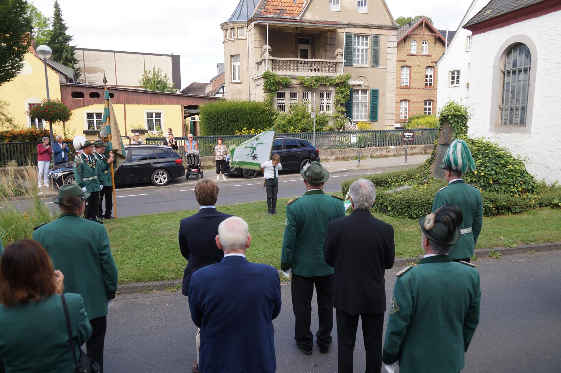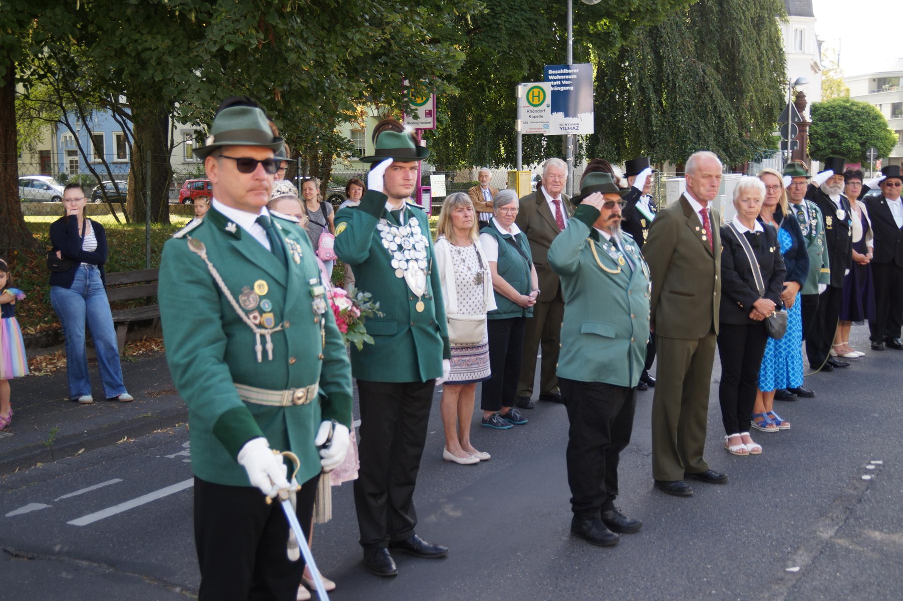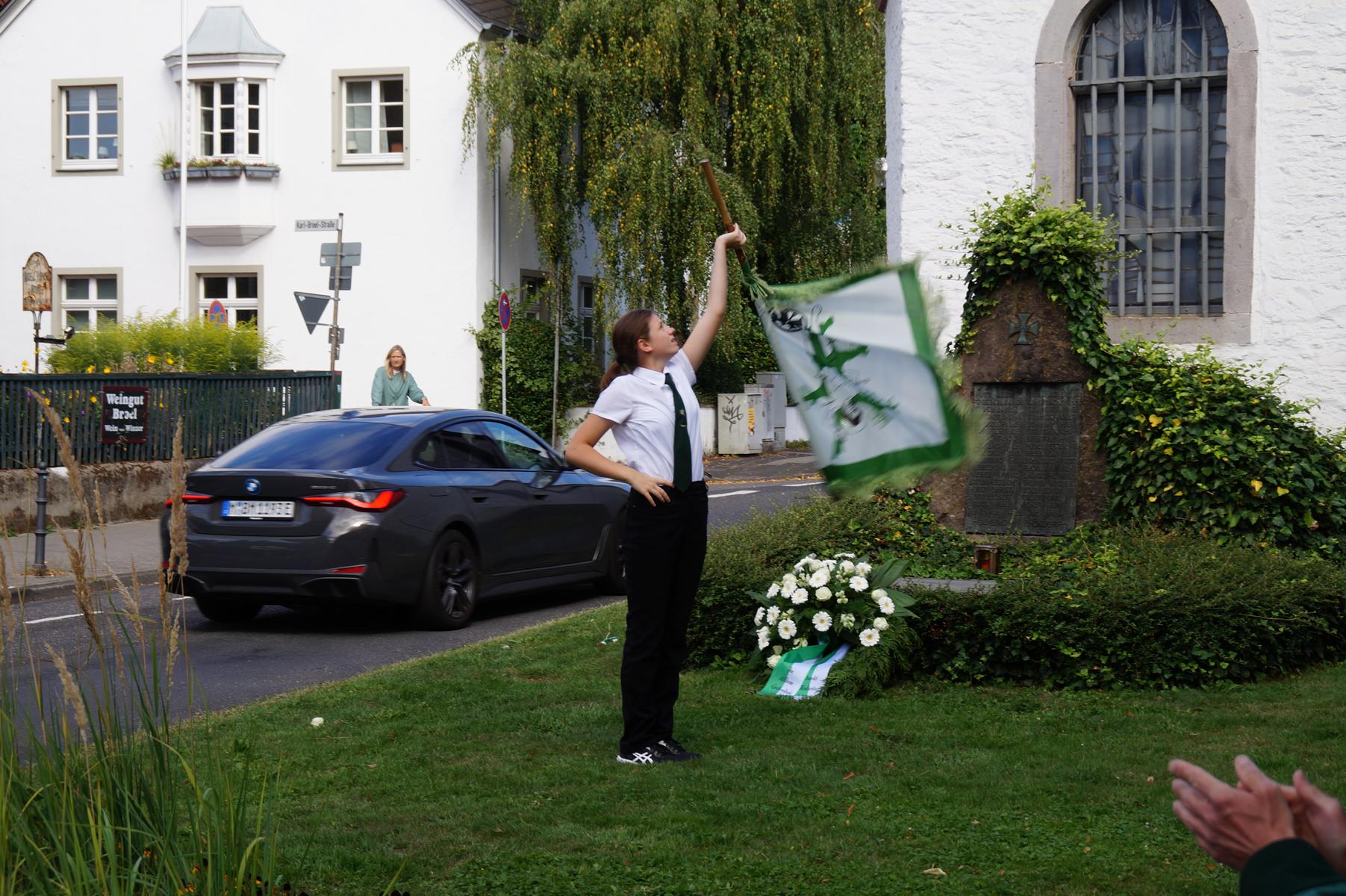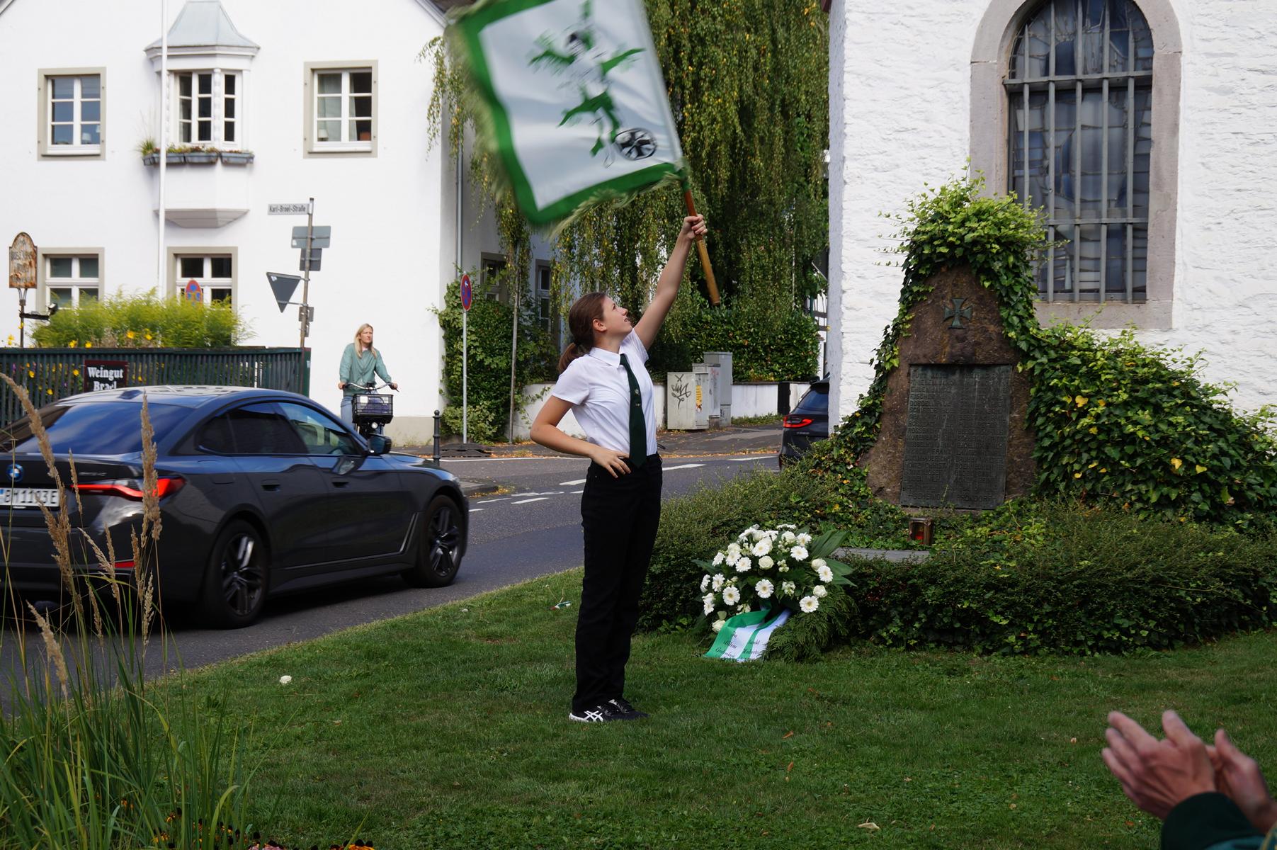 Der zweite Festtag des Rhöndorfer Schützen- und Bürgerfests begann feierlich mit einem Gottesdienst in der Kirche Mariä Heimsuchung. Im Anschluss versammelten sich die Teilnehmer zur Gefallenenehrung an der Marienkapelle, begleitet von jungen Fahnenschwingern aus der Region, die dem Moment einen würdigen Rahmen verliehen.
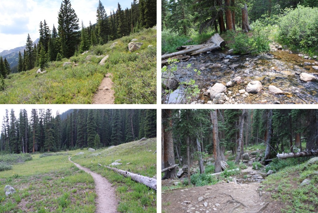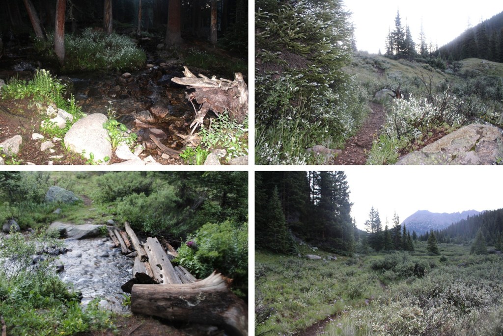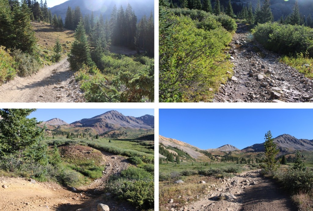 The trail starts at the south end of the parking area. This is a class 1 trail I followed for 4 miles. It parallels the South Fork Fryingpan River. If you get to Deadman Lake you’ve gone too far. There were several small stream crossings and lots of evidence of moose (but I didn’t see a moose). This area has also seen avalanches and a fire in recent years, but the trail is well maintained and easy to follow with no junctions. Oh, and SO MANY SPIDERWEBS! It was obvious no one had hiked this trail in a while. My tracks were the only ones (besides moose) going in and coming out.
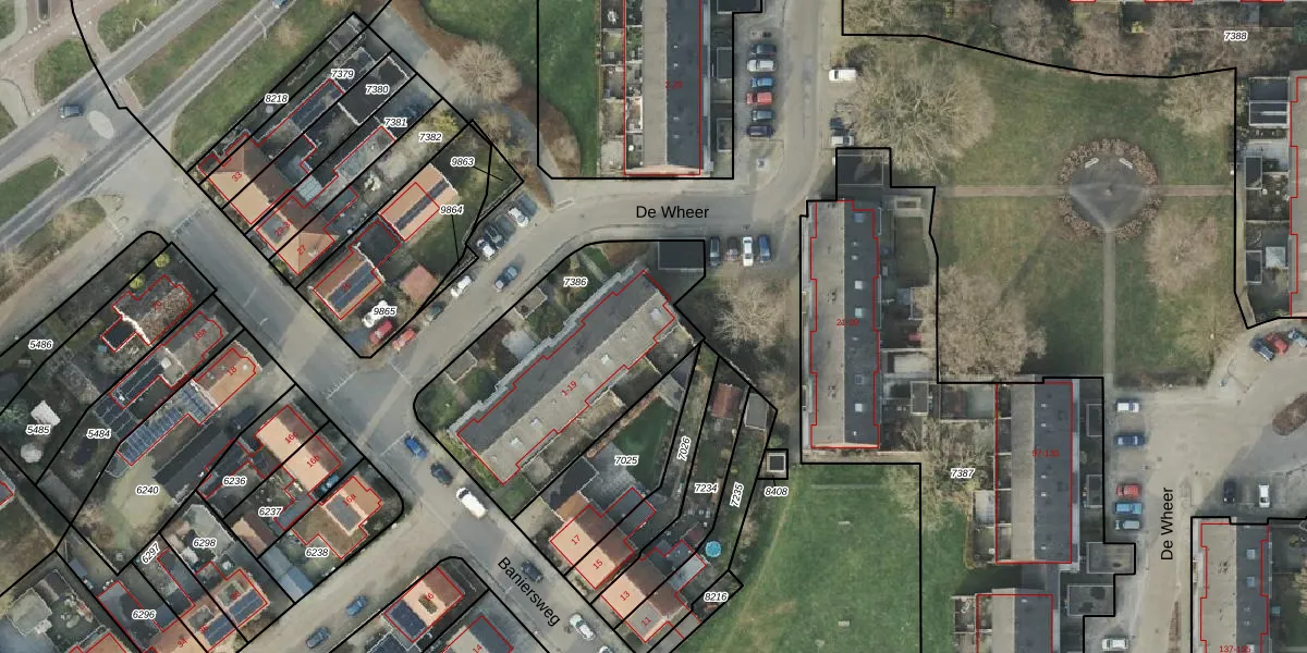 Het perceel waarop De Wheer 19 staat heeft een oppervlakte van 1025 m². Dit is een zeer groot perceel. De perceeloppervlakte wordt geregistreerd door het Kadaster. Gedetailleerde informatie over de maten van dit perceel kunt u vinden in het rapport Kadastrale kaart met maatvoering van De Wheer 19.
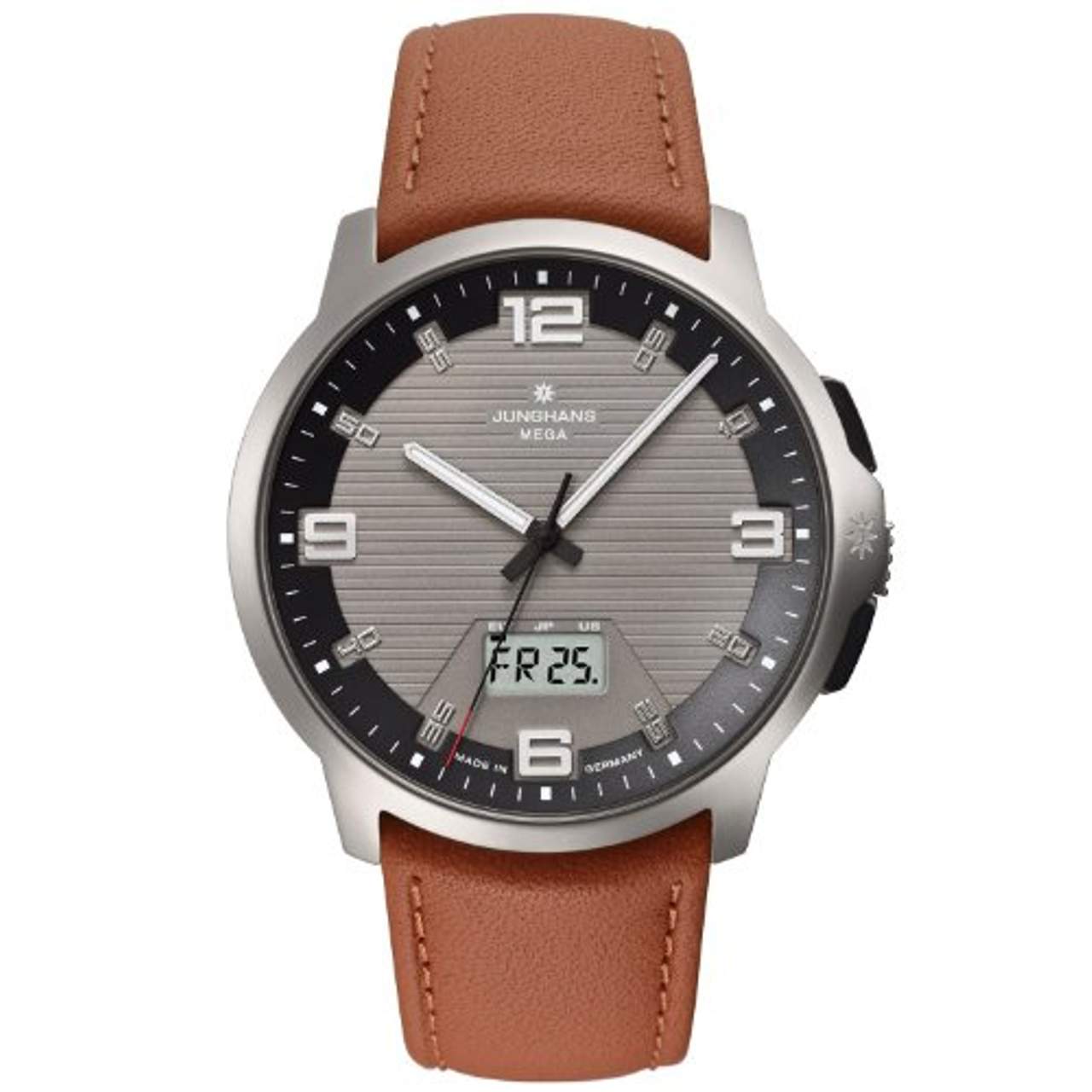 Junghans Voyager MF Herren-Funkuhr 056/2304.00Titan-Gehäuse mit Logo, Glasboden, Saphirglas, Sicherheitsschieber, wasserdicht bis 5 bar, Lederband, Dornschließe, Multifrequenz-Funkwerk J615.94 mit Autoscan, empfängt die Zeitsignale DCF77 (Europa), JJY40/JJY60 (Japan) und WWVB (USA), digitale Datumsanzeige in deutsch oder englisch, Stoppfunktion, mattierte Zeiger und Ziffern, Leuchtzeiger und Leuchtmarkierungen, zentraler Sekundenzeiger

§ **Exercise directions**
Could you return the whole listing exactly, images excluded?

§ **Result for this task**
 Der zweite Festtag des Rhöndorfer Schützen- und Bürgerfests begann feierlich mit einem Gottesdienst in der Kirche Mariä Heimsuchung. Im Anschluss versammelten sich die Teilnehmer zur Gefallenenehrung an der Marienkapelle, begleitet von jungen Fahnenschwingern aus der Region, die dem Moment einen würdigen Rahmen verliehen.
 The trail starts at the south end of the parking area. This is a class 1 trail I followed for 4 miles. It parallels the South Fork Fryingpan River. If you get to Deadman Lake you’ve gone too far. There were several small stream crossings and lots of evidence of moose (but I didn’t see a moose). This area has also seen avalanches and a fire in recent years, but the trail is well maintained and easy to follow with no junctions. Oh, and SO MANY SPIDERWEBS! It was obvious no one had hiked this trail in a while. My tracks were the only ones (besides moose) going in and coming out.
 Het perceel waarop De Wheer 19 staat heeft een oppervlakte van 1025 m². Dit is een zeer groot perceel. De perceeloppervlakte wordt geregistreerd door het Kadaster. Gedetailleerde informatie over de maten van dit perceel kunt u vinden in het rapport Kadastrale kaart met maatvoering van De Wheer 19.
 Junghans Voyager MF Herren-Funkuhr 056/2304.00Titan-Gehäuse mit Logo, Glasboden, Saphirglas, Sicherheitsschieber, wasserdicht bis 5 bar, Lederband, Dornschließe, Multifrequenz-Funkwerk J615.94 mit Autoscan, empfängt die Zeitsignale DCF77 (Europa), JJY40/JJY60 (Japan) und WWVB (USA), digitale Datumsanzeige in deutsch oder englisch, Stoppfunktion, mattierte Zeiger und Ziffern, Leuchtzeiger und Leuchtmarkierungen, zentraler Sekundenzeiger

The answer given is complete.